Late-night phone call put reporter on gold medalist’s judo trail

It began with a late-night phone message I’d received in 1998 from a very proud Middletown mom.

Jeannie Yazel had left me a message on my phone at the Middletown Journal. She called to tell me that her 8-year-old daughter had just won a girls Junior Olympic judo competition in Florida.

I took down the information and Jeannie’s phone number on a small sheet of paper, and stuck it to my office bulletin board while I considered what to do with it. I knew nothing about the sport, and doubted that anyone else did as well. ‘Who would care?’ I thought.

But I wrote a tiny sports brief on her accomplishment. Through the years after that, I soon I found myself writing more articles about that little girl.

Well, as you may have seen on Tuesday, a lot of people now care about the sport of judo. That little girl grew up to be Olympic gold medalist Kayla Harrison.

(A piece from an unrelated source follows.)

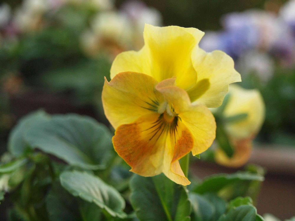 こっくりした黄色と赤茶、優しいフリルが美しいビオラです。

Kayla has come a long way through her days as a shy little blonde-haired kid who was just trying to follow her mom’s footsteps at the Renshuden Judo Academy in Springboro, to her days as a world champion creating footsteps for others to follow.

Jeannie would call me from all over the country after Kayla would win a junior or national event.

Then, after the stunning news that her previous coach had been charged with sexual battery against Kayla, she began training at former Olympian Jimmy Pedro’s USA Judo National Team FORCE in Wakefield, Mass.

Harrison charged through the junior ranks and made a name for herself right away. Five junior division golds in 2003. Two more golds at the Pan American Infantile Championships and the Junior U.S. Open in 2004. Seven more gold medals in junior competitions in 2005 and five more gold medals the following year.

In 2006, she won the Pan American junior title. Then just a week later, she stepped up a weight class and won the U.S. Senior national title. I think she won every junior event she competed in from 2005 to 2008. She’d earned junior national rankings in seven different weight classes since 2003.

Kayla, now bulked up with rigorous training in order to match up with the world’s best, went to the 2008 Beijing Olympic Games as a sparring partner for Ronda Rousey, who won bronze that year.

Kayla and I once did an interview while she was sitting in a remote Argentinian island airport. To save her phone bill, she and I both logged onto Facebook and used the chat window to do the entire interview.

She won the junior world championship in 2008 and was second in 2009.

In 2010, after she’d won the senior world championship in Tokyo, to take her place atop the world rankings, Kayla took time out from her international interviews to have a Skype session interview.

A few months before the London Olympic Games, Kayla was back home visiting her family. During one of her workouts at Middletown High School, she took time to show my son, Drew, some moves on the mat. She even let him flip her. (Drew now brags to his school buddies that he once flipped the Olympic gold medalist.)

On the day of her Olympic matches, and while dutifully wearing our “Team Kayla” shirts, Drew and I were up early in the morning to follow each match over the Internet as they transpired live.

Jeannie relayed text messages to me from London shortly after Kayla won the gold medal match. My family and all of Middletown have been celebrating ever since.

It’s been fun witnessing one young woman’s rise to the top since that late-night phone call from a proud mom 14 years ago.